When the line with "Queso de oveja Gran Reserva 1/4 ± 800 g." turns up below, begin repeating exactly, and carry on through the line with "Blue Moon (détails)"; no pictures go into the copy.
(Data to process)
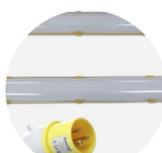
Lighting Kit FRLK-110
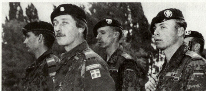
Die Bedeutung multinationaler Streitkräfte in Europa nimmt ständig zu.

– Das TADS (Target Adaptive Dispenser Weapon System) ist eine Oberflächenwaffe mit panzerbrechender Munition mit einem intelligenten Zielsuchsystem. Ein Ersteinsatz mit einem
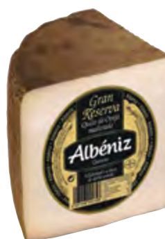
Queso de oveja Gran Reserva 1/4 ± 800 g.

CÓDIGO: 1601/4 EAN 13: 8427298001328 UNIDAD POR CAJA: 8
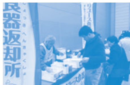
リユース食器回収のようす
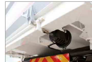
Pneumatikus zárszerkezet a hátsó ajtóhoz (a vezetőfülkéből működtethető)
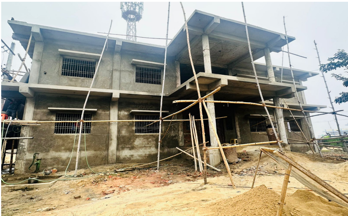
Wada No.4 Office Building Construction
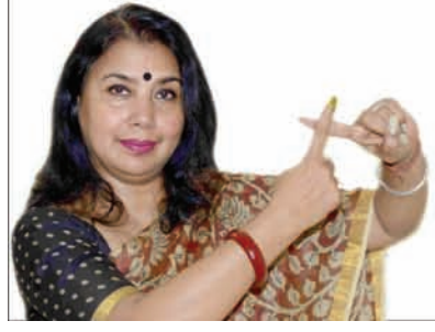
Padma Shri Aruna Mohanty Odissi Danseuse
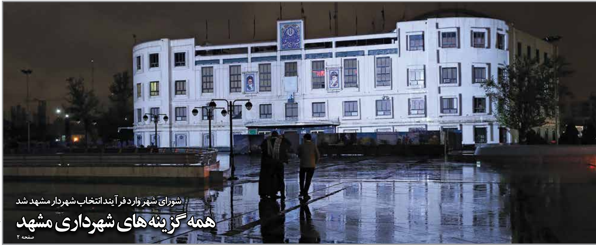
شورای شهر وارد فرآیند انتخاب شهردار مشهد شد
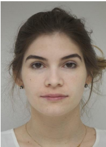
FIGURA 14 - Fotografia final da face (Frente).

Foi utilizada uma sequência de fios termoativados. O caso foi encerrado dentro das expectativas da paciente. As Figuras 14,15, 16, 17, 18, 19 e 20 mostram as fotos finais da paciente.
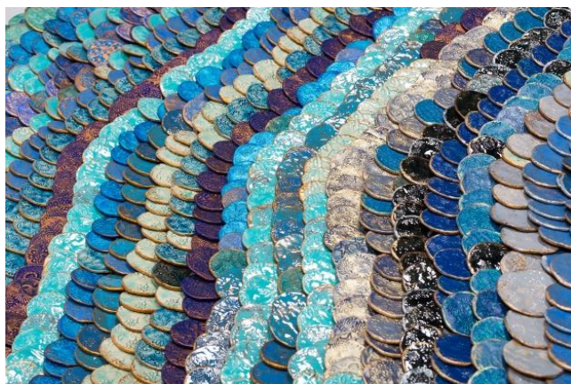
Blue Moon (détails)

« Mon travail est un désir qui projette depuis toujours dans la nature une vision du monde mêlant sacré et profane, réalité et imaginaire... La nature est pleine de métaphores et de métamorphoses, les rêves et le végétal tissent mon inspiration. »
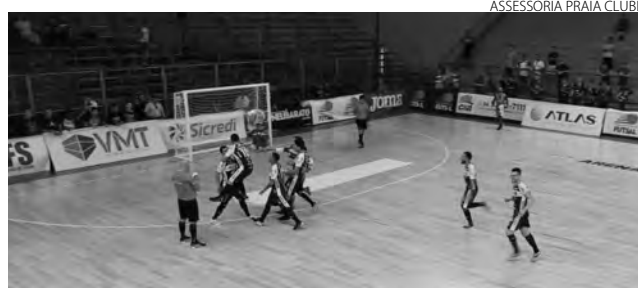
O Pato Futsal sofreu, mas conseguiu a classificação para a semifinal da Copa do Brasil
(End Data to process)
▸ Written reply
Queso de oveja Gran Reserva 1/4 ± 800 g.

CÓDIGO: 1601/4 EAN 13: 8427298001328 UNIDAD POR CAJA: 8
リユース食器回収のようす
Pneumatikus zárszerkezet a hátsó ajtóhoz (a vezetőfülkéből működtethető)
Wada No.4 Office Building Construction
Padma Shri Aruna Mohanty Odissi Danseuse
شورای شهر وارد فرآیند انتخاب شهردار مشهد شد
FIGURA 14 - Fotografia final da face (Frente).

Foi utilizada uma sequência de fios termoativados. O caso foi encerrado dentro das expectativas da paciente. As Figuras 14,15, 16, 17, 18, 19 e 20 mostram as fotos finais da paciente.
Blue Moon (détails)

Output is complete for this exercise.